# best fixed pin sight for 3d



## williejr (Jul 28, 2008)

*sword 3rd plane micro*

Sword by far.... pins is the only way to go and the sword has to be the best sight i have used.... durable and so easy to fine toon..... and the customer server is unhurd of...:thumbs_up


----------



## Kadob62 (May 1, 2009)

*fixed pin sights*

Spot Hogg

Hogg-IT .010 pins


----------



## Fordwrench (Mar 5, 2009)

i have a spott hogg hoggit and a sword 3rd plane micro. the sword works better for me. any bow shooting 300 fps gets the pins on the hoggit bunched up. you can also get the sword with a few .019 pins and .010 pins for the longer shots. i ordered all green pins and i love it.


----------



## Brian_C82 (Aug 11, 2009)

Kadob62 said:


> Spot Hogg
> 
> Hogg-IT .010 pins


Do you use a lens?


----------



## Kadob62 (May 1, 2009)

*Hogg IT*



Brian_C82 said:


> Do you use a lens?[/QUO
> 
> I have used lens in the Hogg It, a 2X. I have three sets of the Hogg it sights, they are very well made and can be ordered with pin size and color configuration of you're choice.
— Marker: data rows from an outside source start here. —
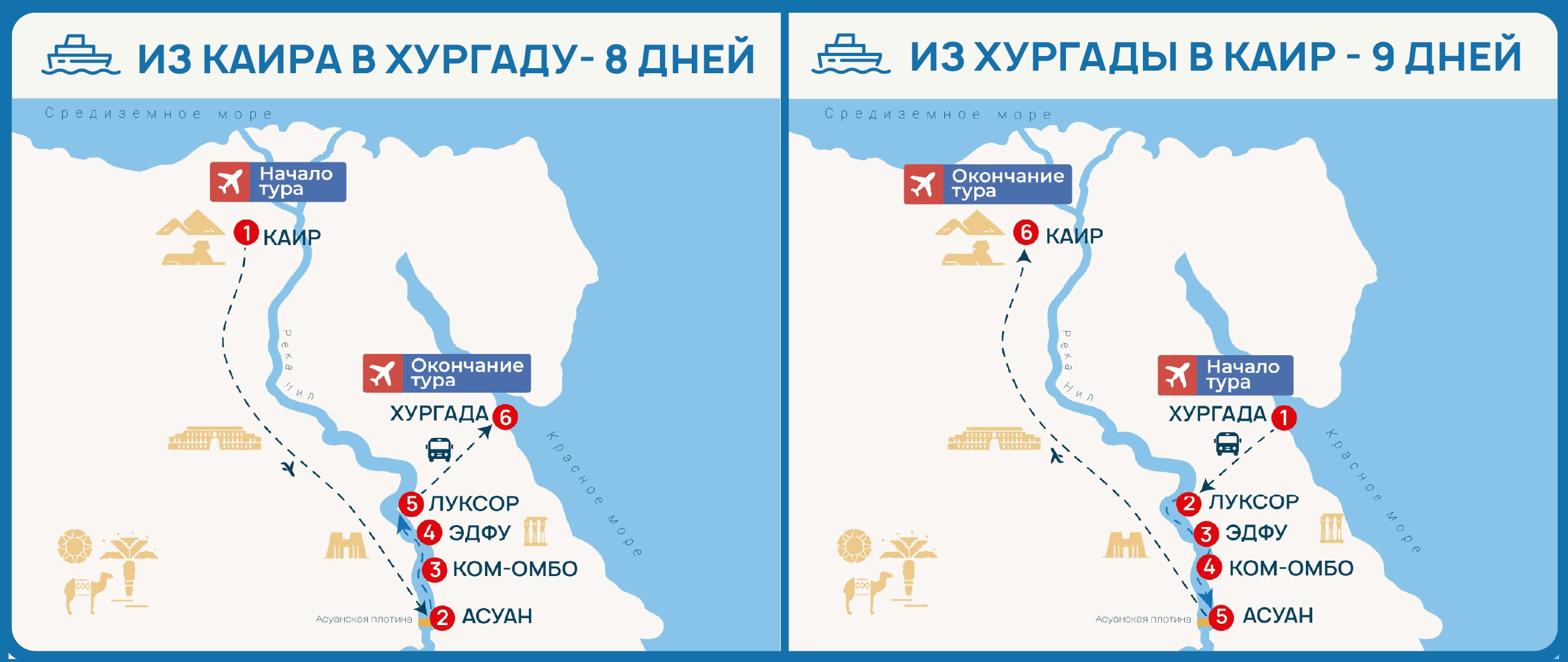 Вы можете выбрать как 8-дневный круизный тур – от Каира до Хургады (3 ночи в круизе по Нилу), так и 9-дневный - от Хургады до Каира(4 ночи в круизе по Нилу):
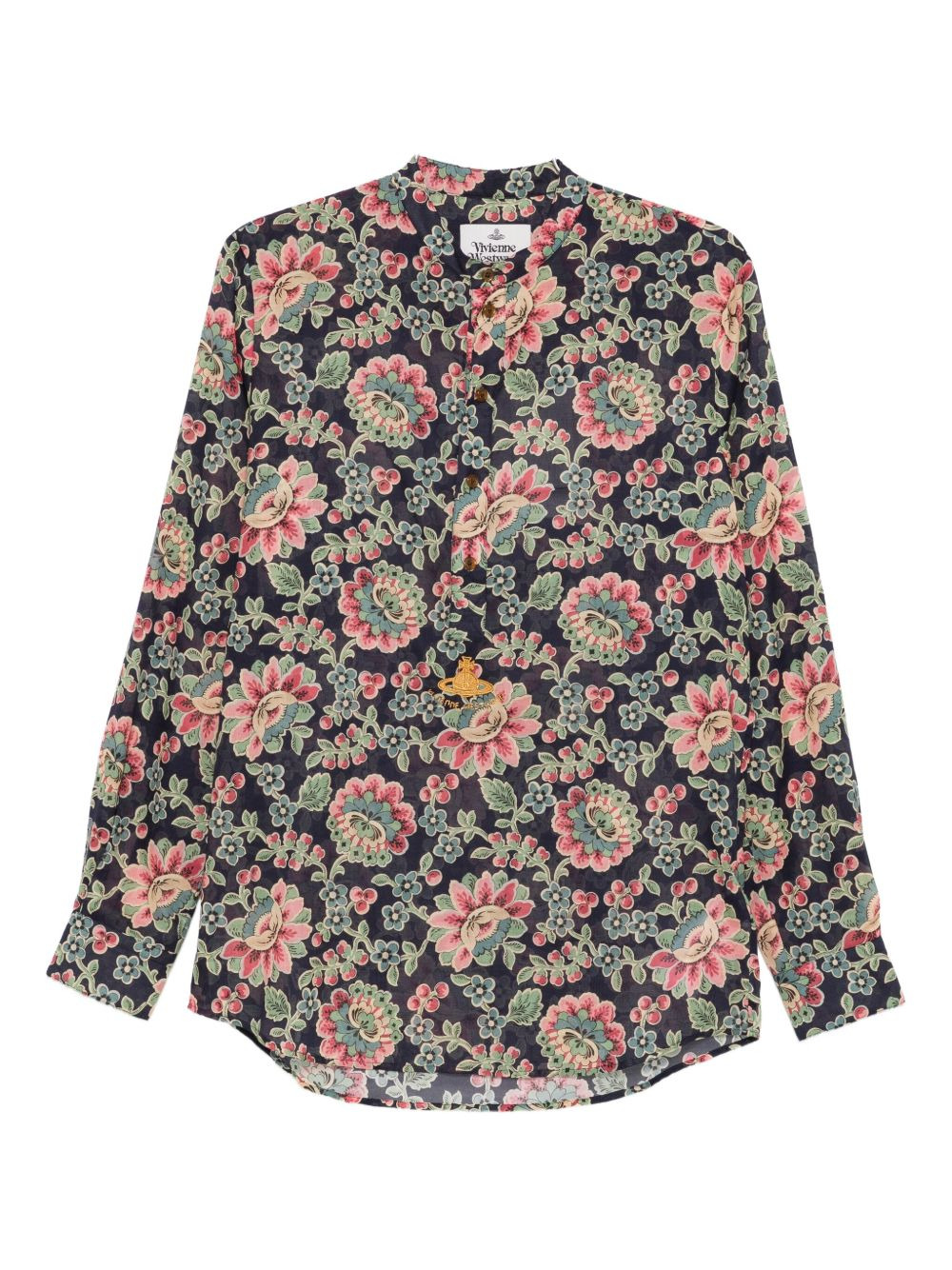 floral-print shirt Highlights - Blue - Floral print - Mock neck - Long sleeves - Front button fastening - Curved hem Imported Composition Organic Cotton 100%, Viscose 80%, Polyester 20% SIZE & FIT Model measurements Height 6 ft 2 in(1.87 m) Bust/Chest 37.79 in(96 cm) Hips 37.79 in(96 cm) Waist 30.31 in(77 cm) FittingInformation Designed for a relaxed fit, this piece allows for comfort and movement when worn Made from a lightweight non-stretch fabric Washing instructions Specialist Cleaning
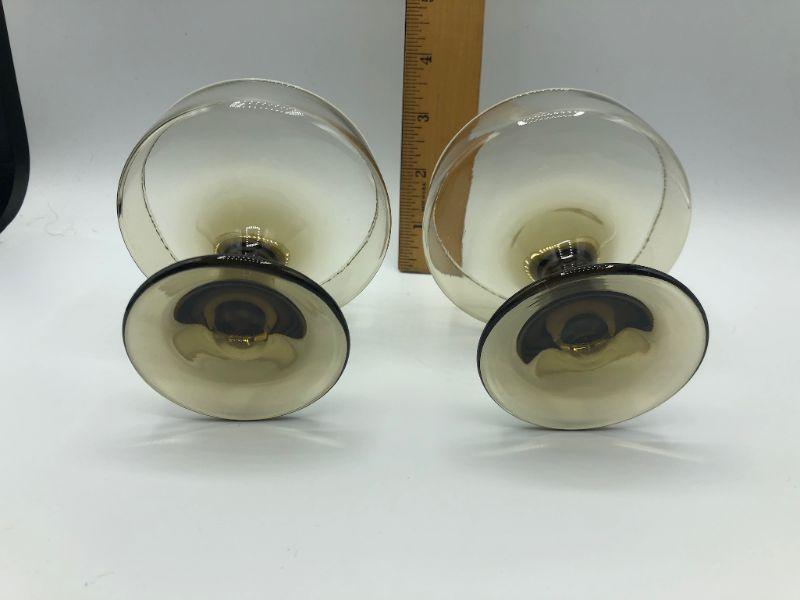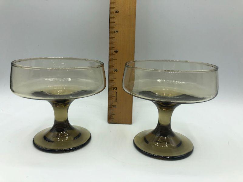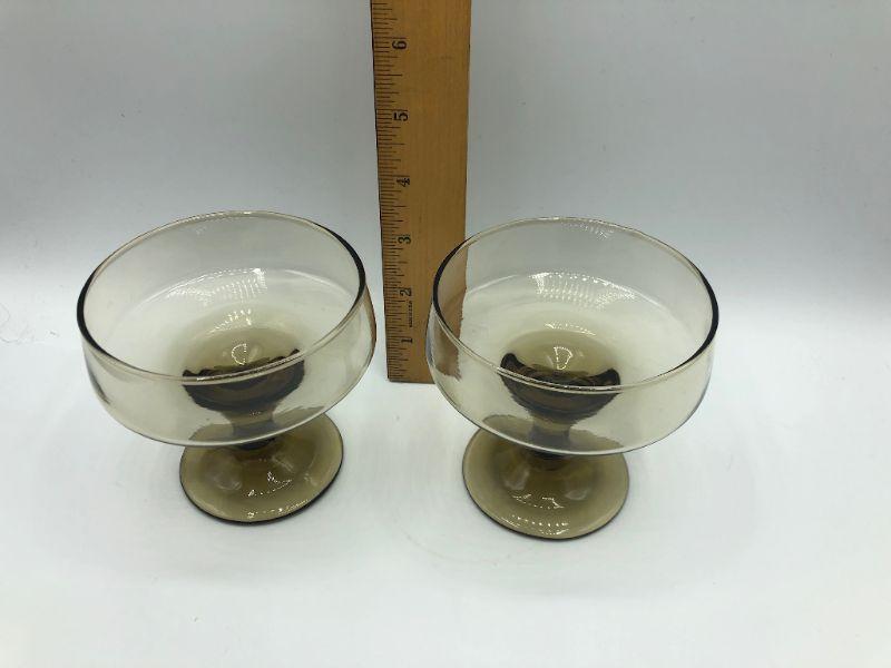 Pair of Dessert Dishes. Smoke colored glass. Good condition. About 3.5" tall.
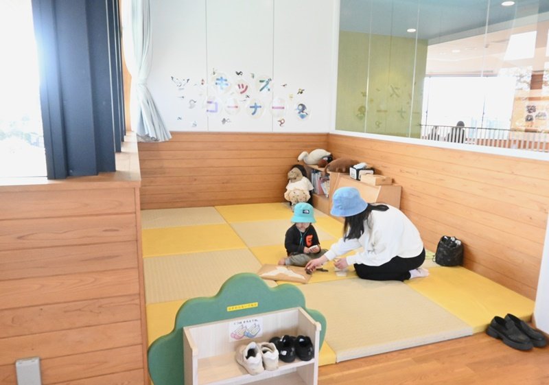 キッズコーナーもありパズルや絵本などで遊べる。授乳室もある。
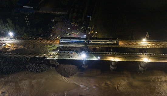 10月8日21时20分,经过中国铁建等单位50余小时的紧急抢修,受强降雨影响中断行车的南同蒲铁路上行线(北向)实现抢通。

As far as pin gaps go, the tournaments we shoot have a 280fps speed limit, i shot 5yrd pin gaps, no problem.
> 
> Great sights, check them out before making you're choice


----------



## Eagle Custom (Jul 19, 2009)

sword apex is dollar for dollar the best the standard sword for about 130.00 comes with all the goodys . Spot hogg is good but will cost alot more for sight with less goodys.


----------



## cmgo06 (Feb 3, 2008)

*Go with SWORD*

I would put my money on sword..... I have tried out all out there......
Yea there is some really good ones for sure. But here is why i have one for each bow now, both for 3-d and spots. 
Starters... 
-It is very light weight so no extra foward weight up top. 
- Ease of use, yea it may be nice to have a knob to moved up and down your pins as with others but once you get sighted in there is no need to move it... extra parts now.
- There is zero pin gap, I have noticed it makes a difference as with most out there this is had to get. 
- takes a beating. I shot 3-d and being outdoors there is things getting in your way at times.
- verstility of movement on the slider... if this model is choosen
- can be orderd with mult pin set up's
- great price for what it really is 
- Good light collection 
- You have the ability to put a lens in it later if move of class is desired. 
I could go on but you got to look it over yourself..... all around it is a hard sight to beat for the money.. there are various models out there I have two -- apex 3rd plan micro -- now I wont need nothing else .....
And thats what I got to say about that ....... :teeth:


----------



## mjgonehunting (Mar 5, 2007)

I agree with the concensus above SWORD RULES !
I have 3 abd really love them!


----------



## lojo (Mar 13, 2009)

Kadob62 said:


> Spot Hogg
> 
> Hogg-IT .010 pins


Ditto!


----------



## SteveID (May 6, 2008)

Spot Hogg Hogg-It. Move the bar all the way out and you won't have issues with pin gap. I shoot 315 fps and I just use a standard 20-30-40-50-60 yard configuration. I could do 20-27-34, etc. if I wanted to and still not have issues with pin gaps. Plus it is the only sight you can use as a hammer during the off season. Sword is a good one for the money, but the Spot Hogg's take the cake.


----------



## Kadob62 (May 1, 2009)

*sights*

Thanks for the idea SteveID, i was about to start a cabinet project requiring a hammer, think I'll use my Hogg It instead.


----------



## ktyre (Dec 2, 2008)

spott hog hogg it .10 7 pin with the pin wrap.


----------



## panther08 (Jan 7, 2008)

There are alot of good sights on the market right now,and the only way you can pick one is to see them all. Viper,Sword,Spot hogg and the list goes on are great sights but you need to find the one that fits u the best. Do u have the money to spend on the top of the line sight in some peoples mind or are u just lookin for a great sight that will last. Look at all over them and talk to as many people as u can about the sight. Then pick on just dont buy one because someone tells u its the best find the one thats best for you. Hope this helps in some way. JMO


----------



## B3AV3R (Apr 19, 2006)

Axcel Armortech


----------



## carlosii (Feb 25, 2007)

jfox said:


> Whats the best fixed pin sight for 3D. Im looking at the viper micro tune with a lenz.:darkbeer::darkbeer::darkbeer:ukey:



Where you been dude? Haven't seen you at any of the Ouabache Trails shoots this year???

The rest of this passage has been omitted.